08 April 2007

Now that I've finished the final draft of my novel, I can read for my own pleasure for the first time in more than a year. I just finished Zen and the Art of Motorcycle Maintenance, which was recommended here by Nat a while back. I was annoyed by some of the material about classical philosophy, especially the stuff at the University of Chicago, but overall, it's one of the most beautifully structured books I've read in a long time. Along with the first two chapters of Walden, I have a feeling that it's going to be a useful guide and resource for the upcoming year.

Next up, I'm hoping to read The Dyer's Hand by W.H. Auden and The Unquiet Grave by Cyril Connolly, which are two books of random notes and observations by a great poet and a great literary critic, and the novels Winter's Tale and The Gold-Bug Variations. That should take me to my upcoming trip to Europe, where I'm going to be visiting Dublin, Venice, Florence, Rome, Canterbury, and London, in that order. I'm planning to bring all of Montaigne, with Spinoza as a backup, along with the Italian original of Foucault's Pendulum, which I'm going to read cold.

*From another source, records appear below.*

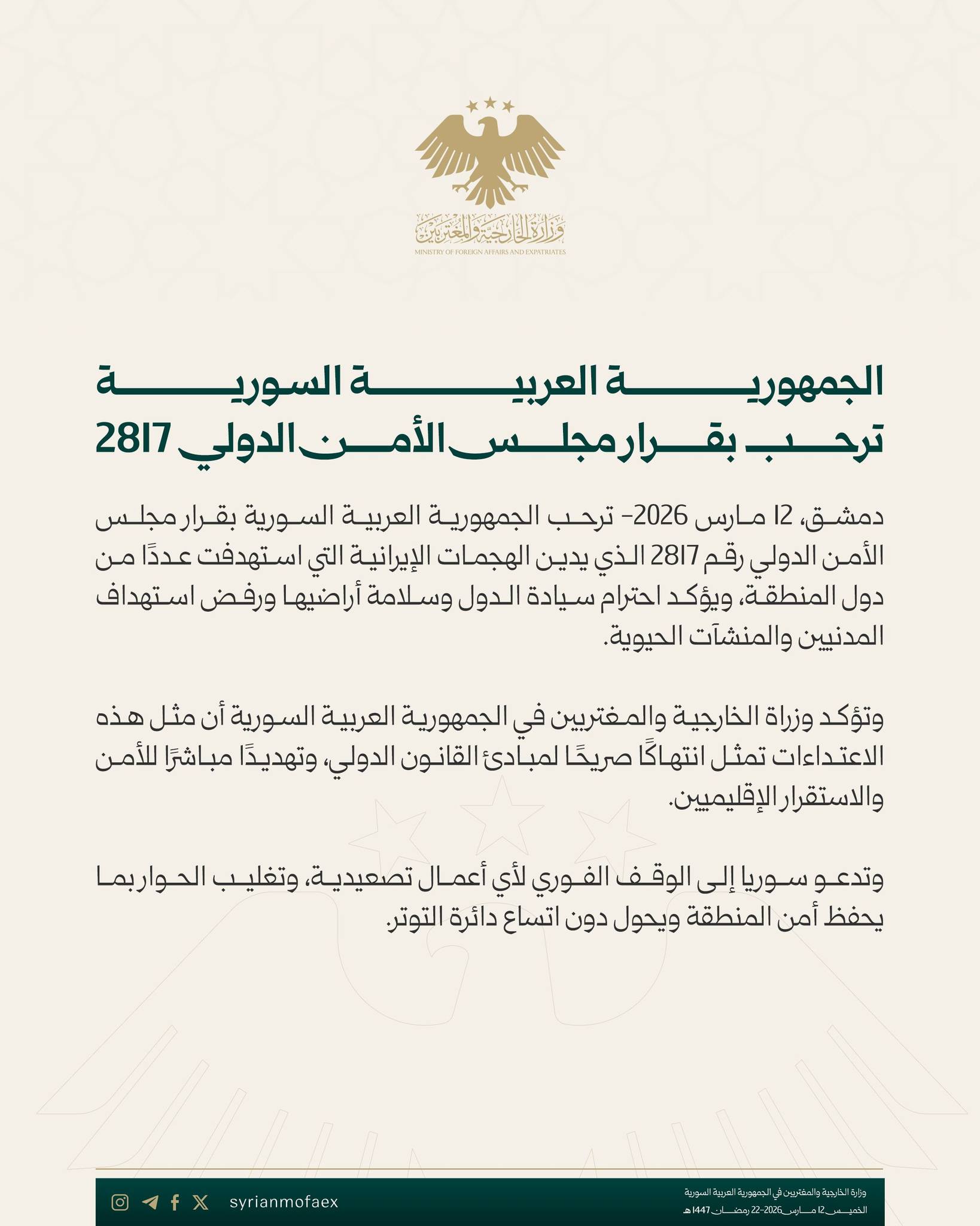 دمشق، 12 مارس 2026- ترحب الجمهورية العربية السورية بقرار مجلس الأمن الدولي رقم 2817 الذي يدين الهجمات الإيرانية التي استهدفت عدداً من دول المنطقة، ويؤكد احترام سيادة الدول وسلامة أراضيها ورفض استهداف المدنيين والمنشآت الحيوية.
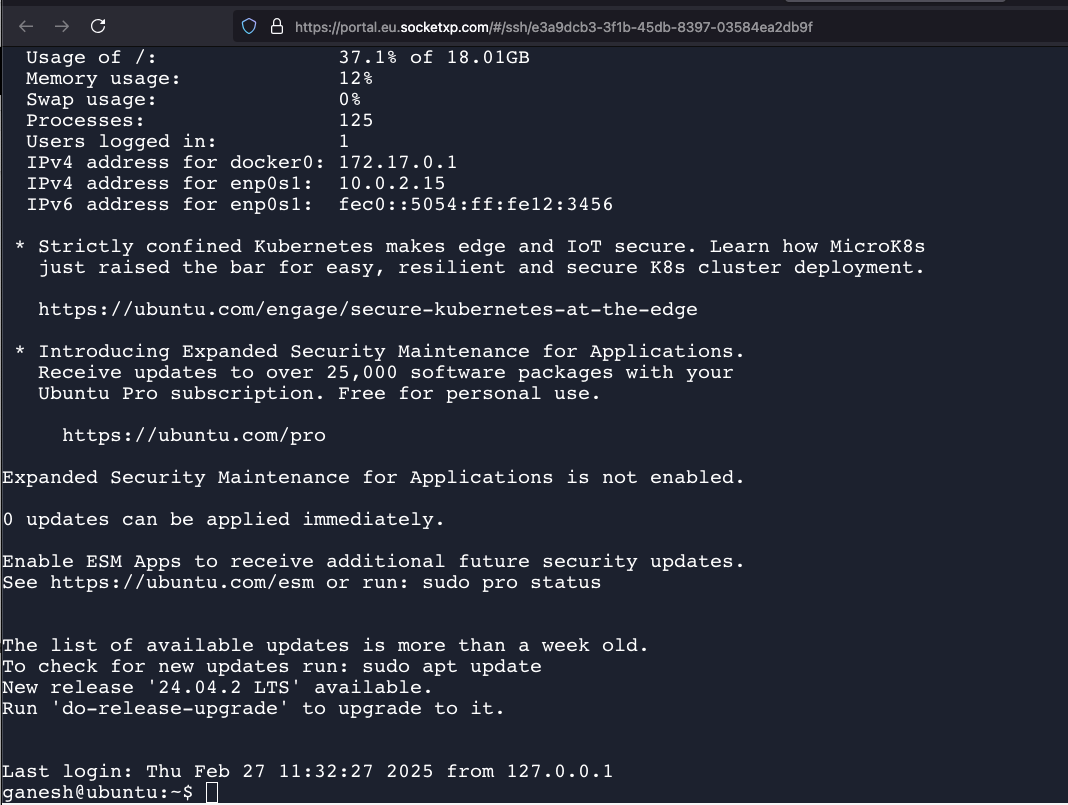 Instructions will be given by the merchant on how to rewrite the input, and it is important to adhere to those instructions. The tone of the description should be formal, educational, informative, and objective, using scientific and objective language and relying on statements of fact and domain expertise. Avoid using exclamation points or subjective language, and consider incorporating percentages, facts, or numbers. Keep in mind that the user can only SSH into your Ubuntu Linux machine from the SocketXP web portal after successfully completing SSO login, along with 2FA authentication from a provider such as Microsoft 365 or Google G-Suite.
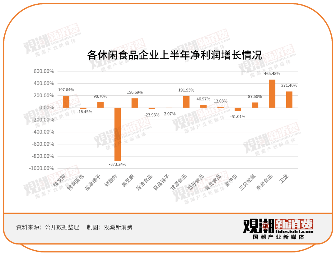 比如甘源食品,上半年實現營收8.26億元,同比增長34.57%;歸母凈利潤1.2億元,同比增長190.92%。
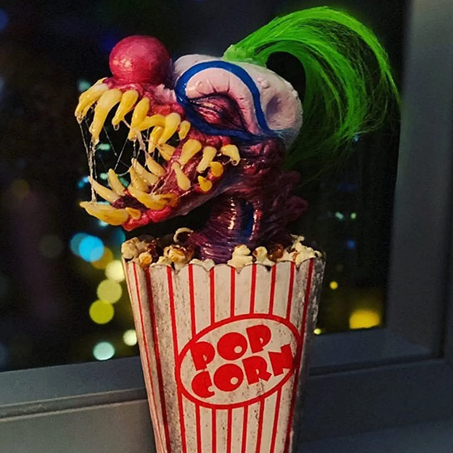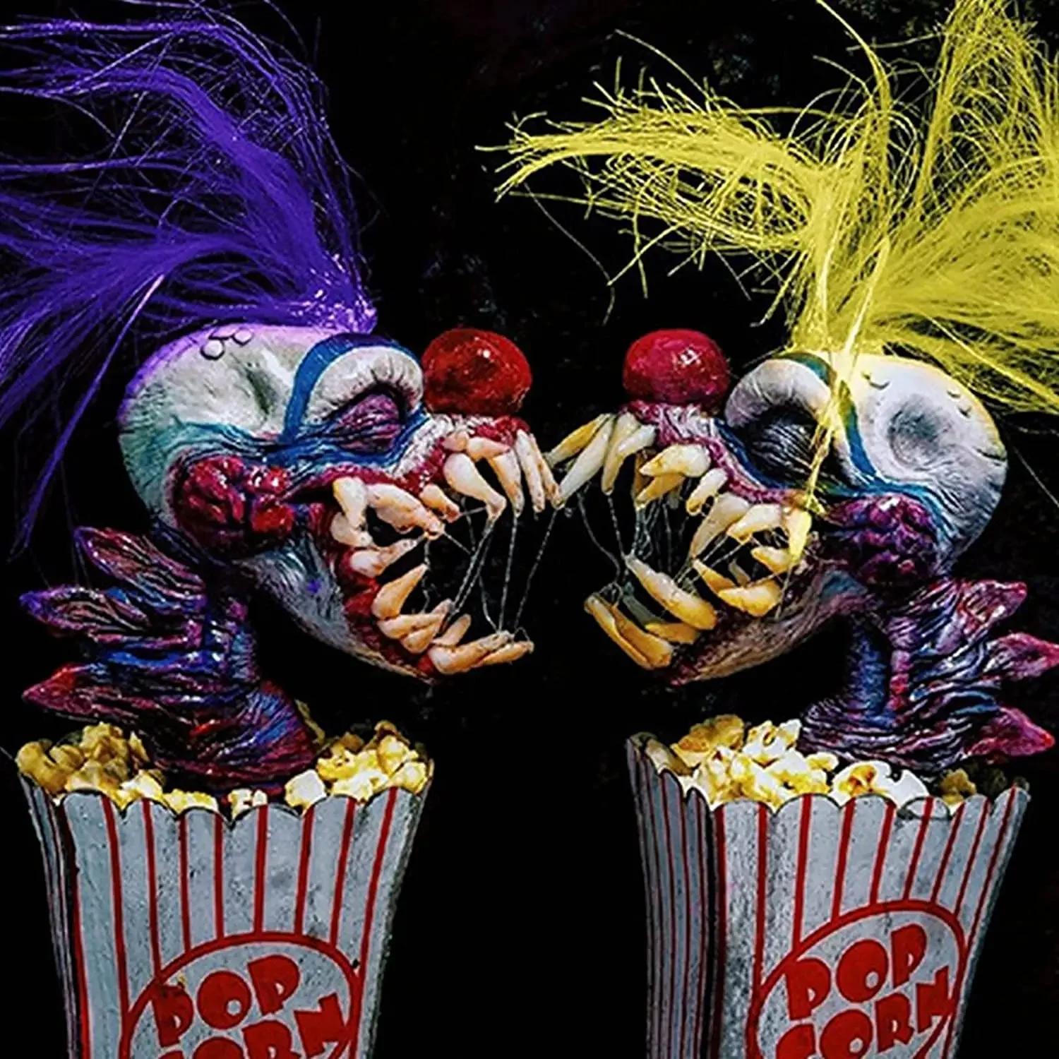 Killer Klowns from Outer Space,Popcorn Klown,Head-Creepy Killer Clown Head Horror Prop Ornaments Collection Crafts Decoration
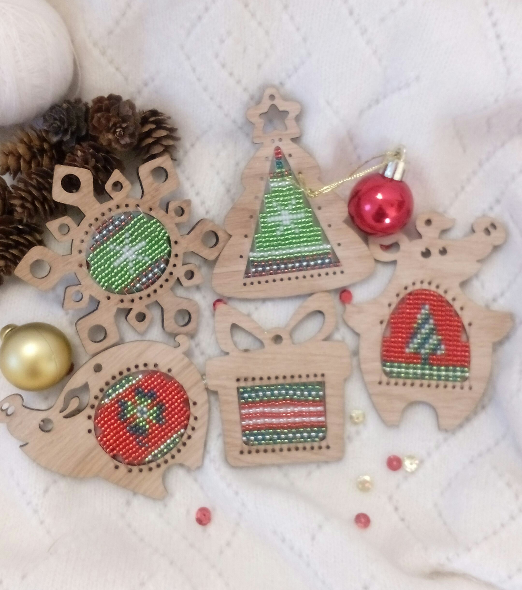 Описание изображения: | Игрушки на елку в технике бисерного ткачества |
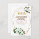 Utilisez cette fiche détaillée pour insérer dans le faire-part de mariage des informations telles que les directions vers le lieu de mariage ou des informations sur le bloc de chambre de l'hôtel qui a été réservé ou d'autres informations importantes. Vous pouvez même inclure un code QR qui se connecte à votre site Web mariage et qui contient des informations encore plus détaillées. Il est dans le même élégant thème magnolia avec le fil d'or géométrique et magnolias blanc qui est dans notre suite de faire-part de mariage.
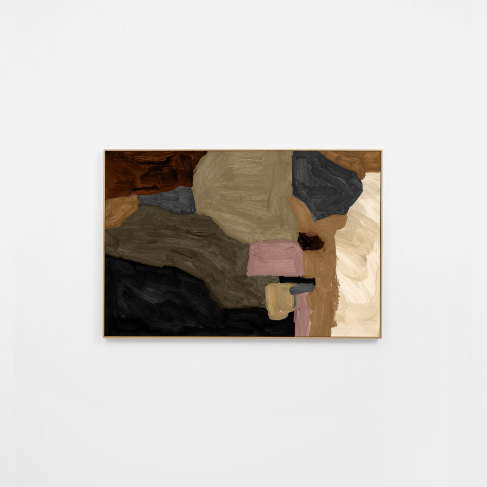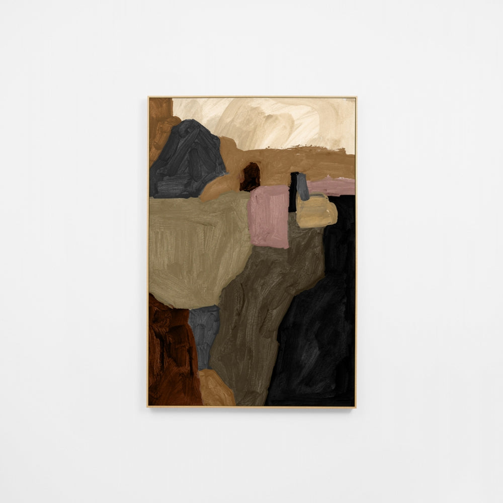 This modern abstract design is moody and bold, sure to add depth to any space. Maeve Earth 1 is ready to hang, and can be displayed both in landscape or portrait orientation.
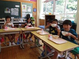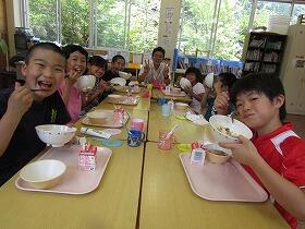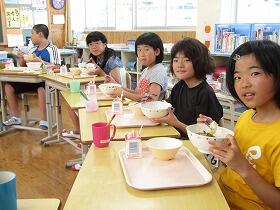 給食の時間には「地産地消の日」ということで、「宮崎牛の焼き肉丼」をみんなで美味しくいただきました。
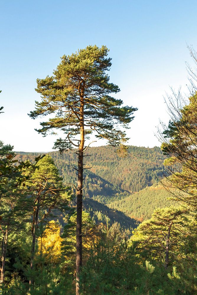 Einzelne Kiefer steht auf einem Berg mit weitem Blick auf ein Tal vor einer Bank

My real discovery, however, has been John Updike. I'd been avoiding Updike for most of my life, and was less than impressed by the small amount I'd read (although his essays are excellent). Recently, though, during my stint on a Kings County jury, I decided to read through the Rabbit series, and my opinion of Updike has been rapidly revised upward. Rabbit, Run reads like a novella expanded to fill an entire book, with a few brilliant sequences and a lot of fussy writing, but Rabbit Redux is amazing, one of the best American novels I've read. (I even recommended it to Haiwen.) Many thanks are due to Nicholson Baker, whose book U and I (sort of a recasting of Pale Fire with Updike as Shade and Baker as Kinbote) got me back on Updike in the first place.